Why are IAM policies important?¶
During the launch of your Aviatrix Controller, two IAM roles(aviatrix-role-ec2 & aviatrix-role-app) are created and two associated IAM policies(aviatrix-assume-role-policy & aviatrix-app-policy) are also created. These roles and policies allow the Controller to use AWS APIs to launch gateway instances, create new route entries and build networks and hence very important to keep your network operational. Please check out IAM Policies, Requirements, Customization and IAM for Secondary Access Accounts. After a software upgrade, please do update your IAM policies using the instructions in the above links - these updates have to be done for all accounts that have the Controller and the gateway.
Why should I upgrade my Controller Software?¶
Our engineering team works very hard to fix issues on a continuous basis. We also continue to add new features and try to enhance the systems to keep your network working effectively and securely. Please take advantage of this and stay on the latest releases. Controller upgrade does not affect your tunnels. Please keep the your controller’s size at > t2.large and please don’t encrypt the root devices!!
Does Aviatrix Controller support automation?¶
Aviatrix Controller supports a comprehensive set of REST API to enable automation
Can I use an SSL Certificate from AWS ACM?¶
How do I backup my Aviatrix configuration?¶
Please checkout backup functionality on your Aviatrix controller.
- If you have a ”.”/period character in the S3 bucket name, please ensure you are running software version 4.0.685 or later.)
- We strongly recommend the “Multiple Backup” setting to be turned Controller/Settings/Maintenance/Backup&Restore. After turning this option - click on Disable and then Enable and then click on “Backup Now” and check in your S3 bucket to make sur e that the backup function is successful.

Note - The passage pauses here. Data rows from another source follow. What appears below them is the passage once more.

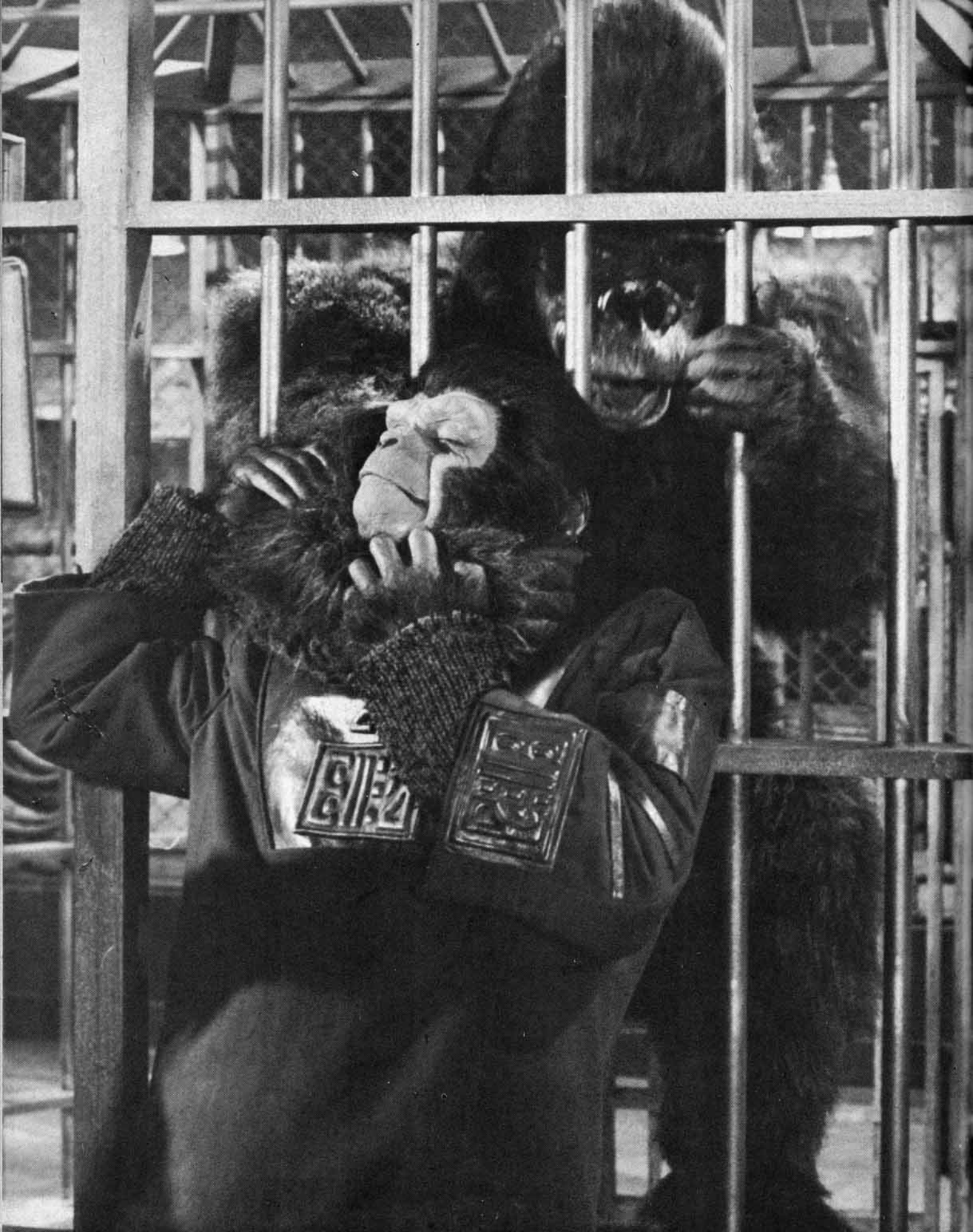
Boy meets Gorilla and the big ape decides to play it cagey!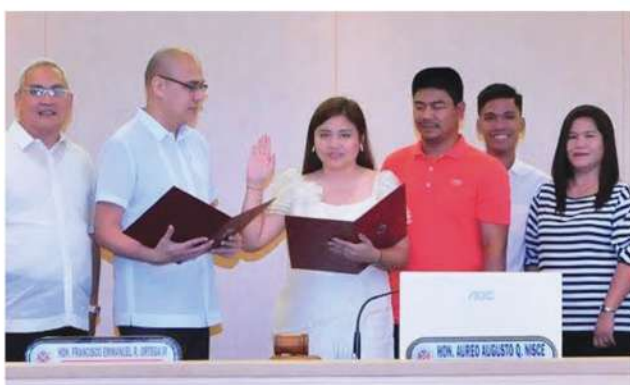
06 LU SK PRESIDENT TAKES OATH AS EX-OFFICIO SPM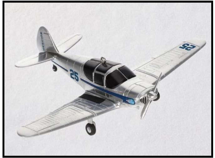
Hallmark 2021 Ornament

This Christmas is definitely the “Year of the Swift”!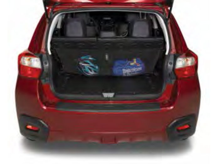
Cargo Net – Rear Seat Back Additional cargo net storage to help keep the cargo area organized. F551SFJ000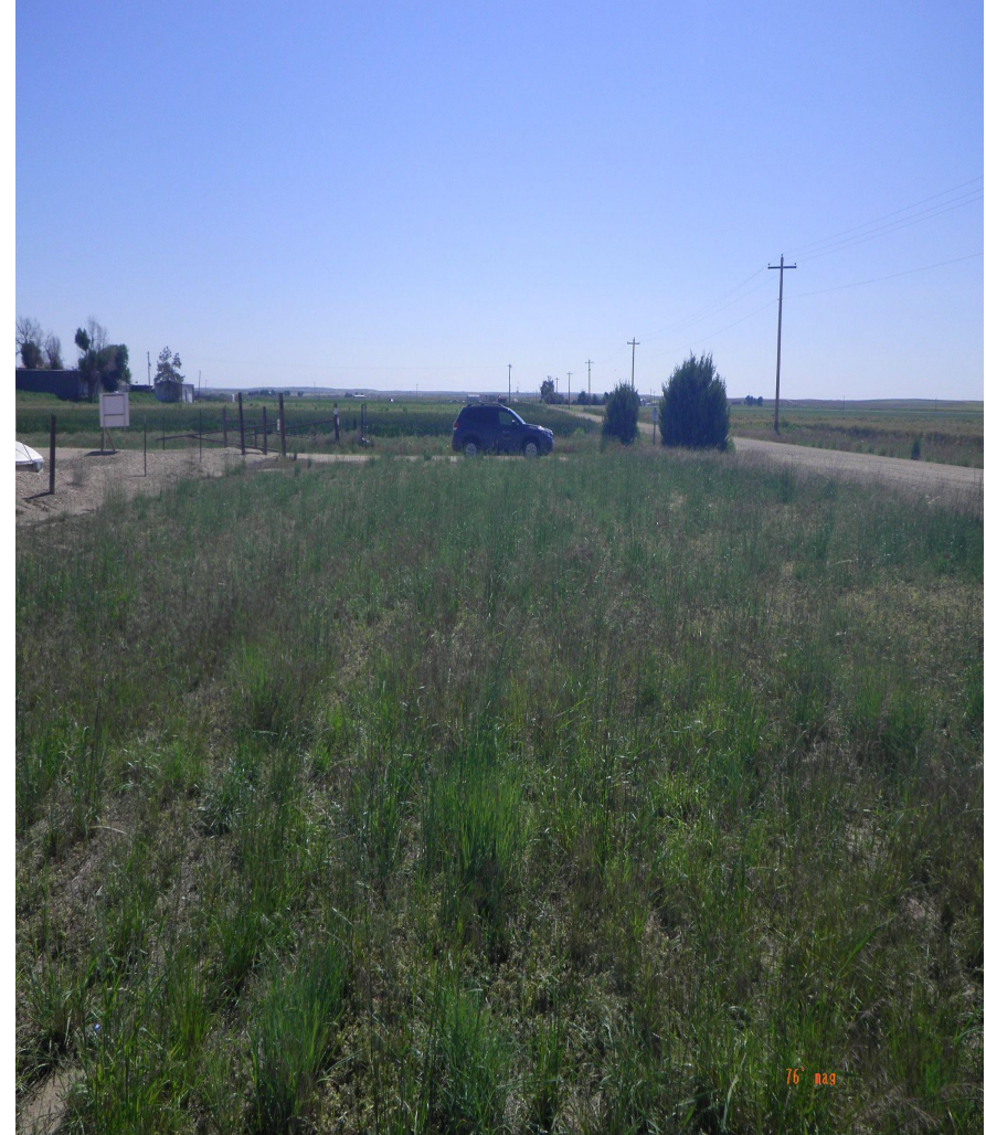
Photo 6. Cardinal photos taken from the middle of the tank battery. Left photo facing north, right photo facing east.

- We support backup using AWS encrypted storage
- Please do not use AWS’s AMI to take snapshots - this is not a valid backup mechanism and will not work
How can I customize Controller GUI?¶
- On the Gateway page, you can customize the columns and add more information(click on the “Name, State, ...” drop down list box and select fields you are interested in). You can also sort and filter on any column by clicking on header.
- On the gateay page, you can adjust the number of gateways you can see at a time - the default is 5 gateways
How can I troubleshoot connectivity issues?¶
Does Aviatrix support High Availability?¶
Does Controller send alerts when Gateway status changes?¶
Aviatrix Controller monitors the gateways and tunnels and whenever there is a tunnel or gateway state change, it will send an email to the admin of the system. You can always override the admin email by updating “ControllerUi/Settings/Controller/Email/StatusChangeEventEmail”. If you do not want to see these emails, you can set it to an email address that you don’t monitor.

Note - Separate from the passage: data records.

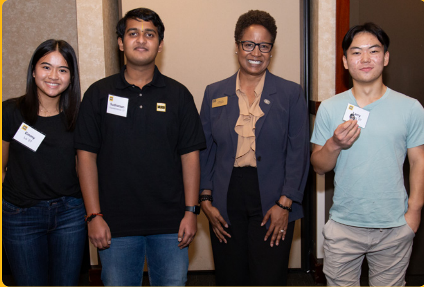
COMMUNITY CONNECTIONS, BAY AREA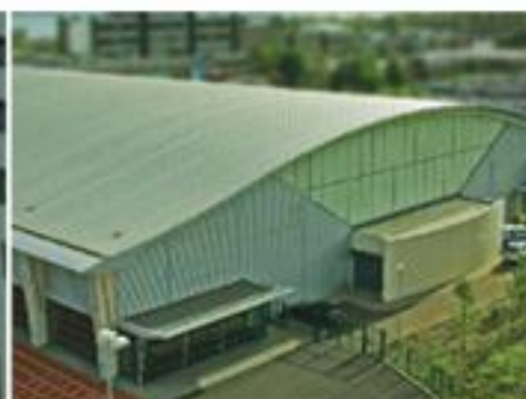
APL Roof Profiles – large profile range. AP65 zip seam standing seam system, on-site rolled or sheet delivered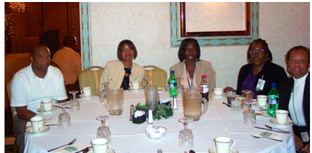
Audience members network before the training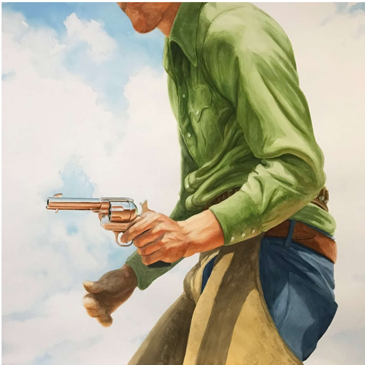
"Gutshot" 2021, Watercolor on paper mounted to canvas, 86,5 x 91,5 cm, 34 x 36 in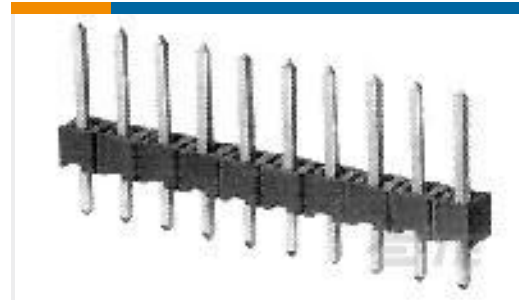
TE Part #826926-3 3P AMPMODU II PIN HDR.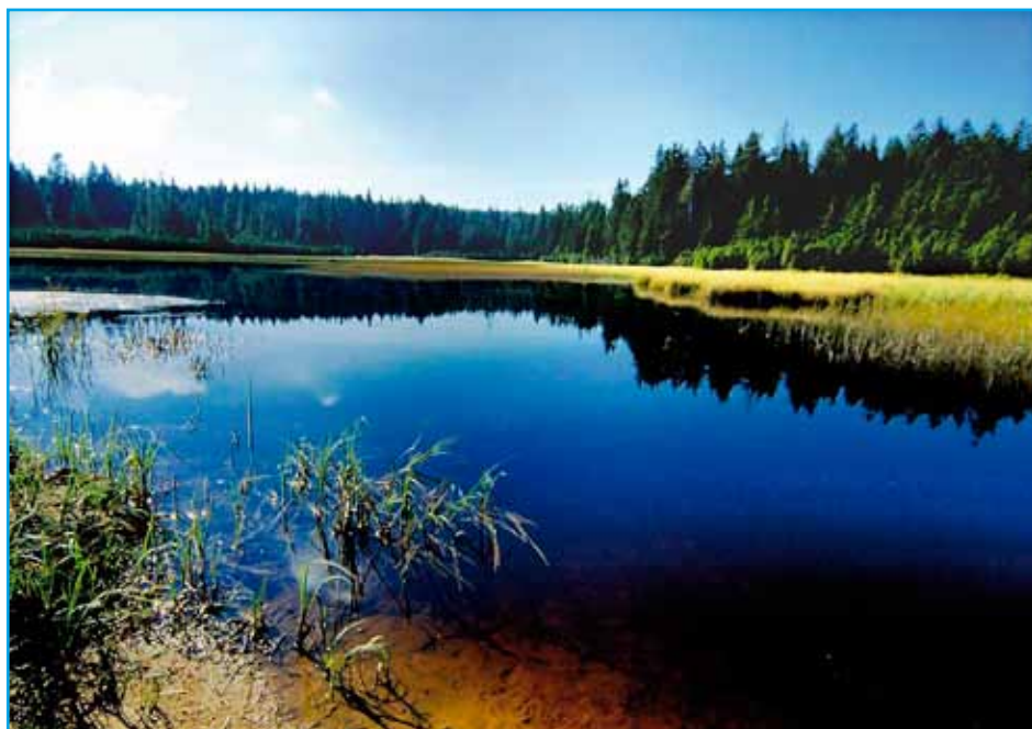
Black lake in Pohorje.

Traditional events, folklore, and traditional home-made products all play an important part in preserving the cultural heritage of the area.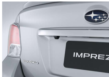
REAR REVERSE CAMERA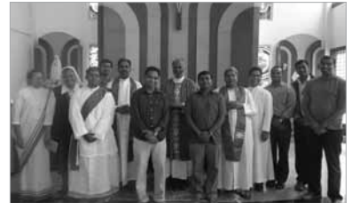
Archdiocesan Deacons training from 23rd to 25th January 2014 at Bangalore. Archdiocese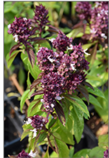
Siam Queen Basil flowers

Siam Queen Basil will grow to be about 16 inches tall at maturity, with a spread of 12 inches. When grown in masses or used as a bedding plant, individual plants should be spaced approximately 10 inches apart. This fast-growing annual will normally live for one full growing season, needing replacement the following year.

As an alternative, you can also set Cloudwatch Event Alerts in AWS to be alerted when Gateway/Controller Instances are Started or Stopped.

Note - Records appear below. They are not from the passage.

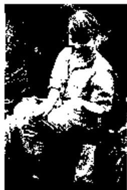
Gloria Fontaine shows off a complete, unbroken bone needed.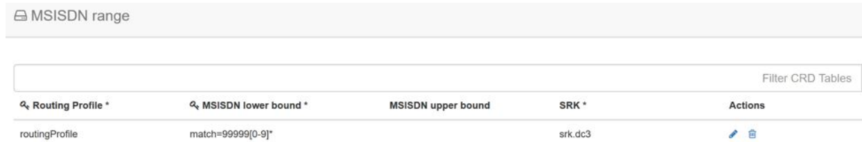
Figure 29: MSISDN Range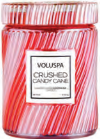
SMALL JAR #5476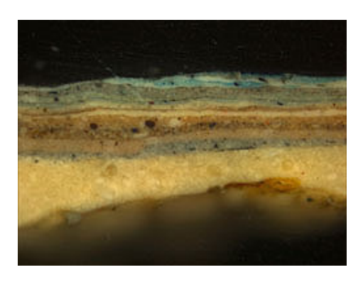
Fig.4 Cross section from Sketch for Hadleigh Castle: sky of main canvas, in normal light at left, UV light at right.

During the second campaign of painting on the additions, three layers of paint were applied (each approximately 50-80µm thick) on top of a fresh ground (fig.5). By contrast, an equivalent cross section from the sky of the main canvas reveals eight, typically 10–30µm thick, paint layers (fig.4).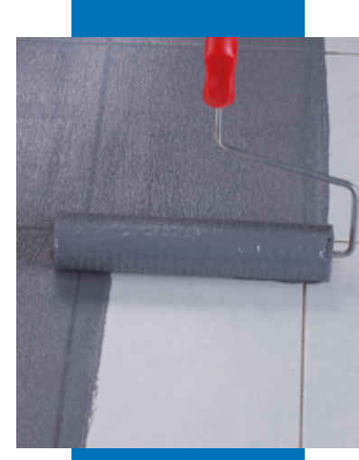
Application of Eco Prim Grip by roller on existing porcelain tiles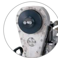
Gear swivel arm with quick-separation flange for easy blade replacement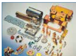
precision tools industry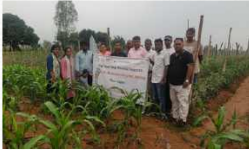
Two-day Livelihood Training Programme for CRP and CCs at Rajpur, Chhattisgarh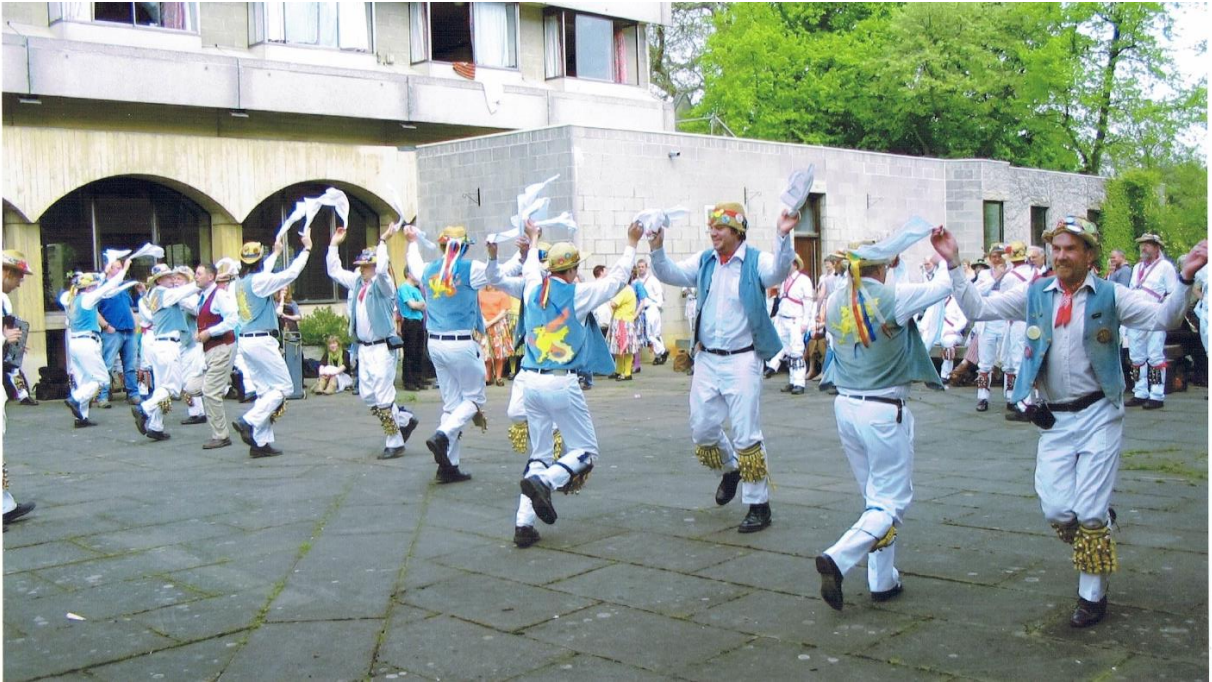
May Morn – Teddy's Roof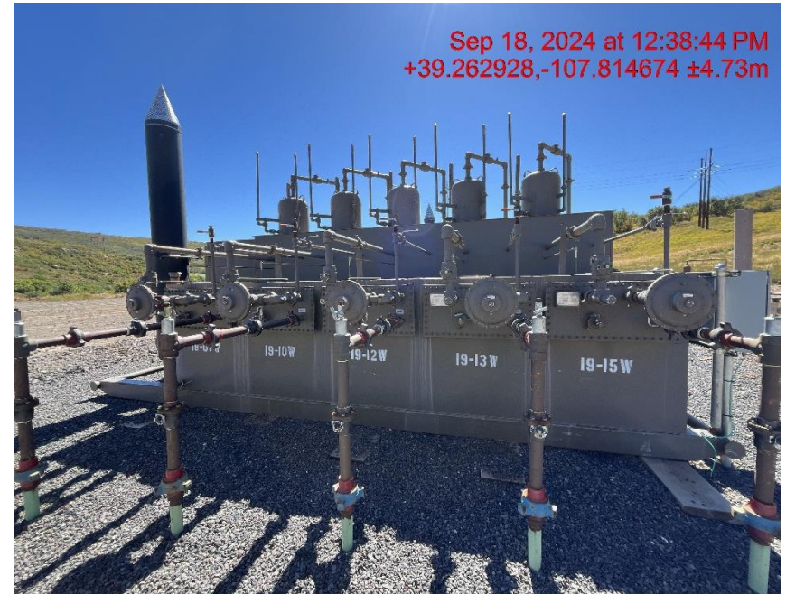
Separators - Photo #06004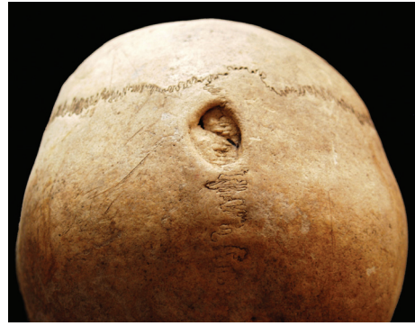
Figure 5. Antemortem blunt force trauma located in the cranium of an adult male from the Late Medieval Kozica cemetery in Dalmatia.

syphilis (Figure 3), rheumatic diseases (Figure 4), as well as numerous examples of ante- and perimortem trauma (mostly sharp-force and blunt injury trauma, Figures 5-7), making it a unique source of information, important both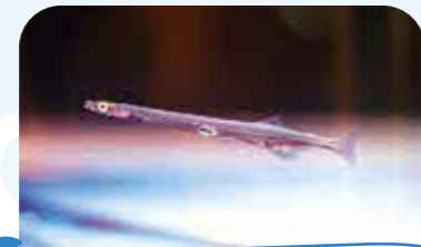
Shirauo (Icefish/Whitebait, Salangichthys microdon )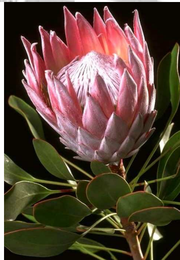
The Protea flower is our national flower.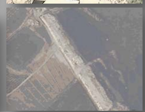
Any Warfighter, Anywhere, All The Time

What are blackholes on Alert Bell?¶
Blackhole route(s) usually means that the route in your AWS route table points to a non-existed AWS resource. Besides, a route pointing to an EC2 with the stopped state will have this blackhole state.
The blackhole definition on AWS website: https://docs.aws.amazon.com/AWSEC2/latest/APIReference/API_DescribeRouteTables.html route.state - The state of a route in the route table (active | blackhole). The blackhole state indicates that the route’s target isn’t available (for example, the specified gateway isn’t attached to the VPC, the specified NAT instance has been terminated, and so on).
Here is more info for Aviatrix Alert Bell function: https://docs.aviatrix.com/HowTos/UCC_Release_Notes.html Alert Bell is a new multi purpose alerting function displayed on the Aviatrix Controller Console. For example, Aviatrix Controller periodically scans your AWS route tables and alerts you if there is any blackhole entry in your AWS route table that needs to be cleaned up as best practice. GuardDuty findings are also recorded by Alert Bell.
You can decide to remove the blackholes in AWS portal if it is not needed.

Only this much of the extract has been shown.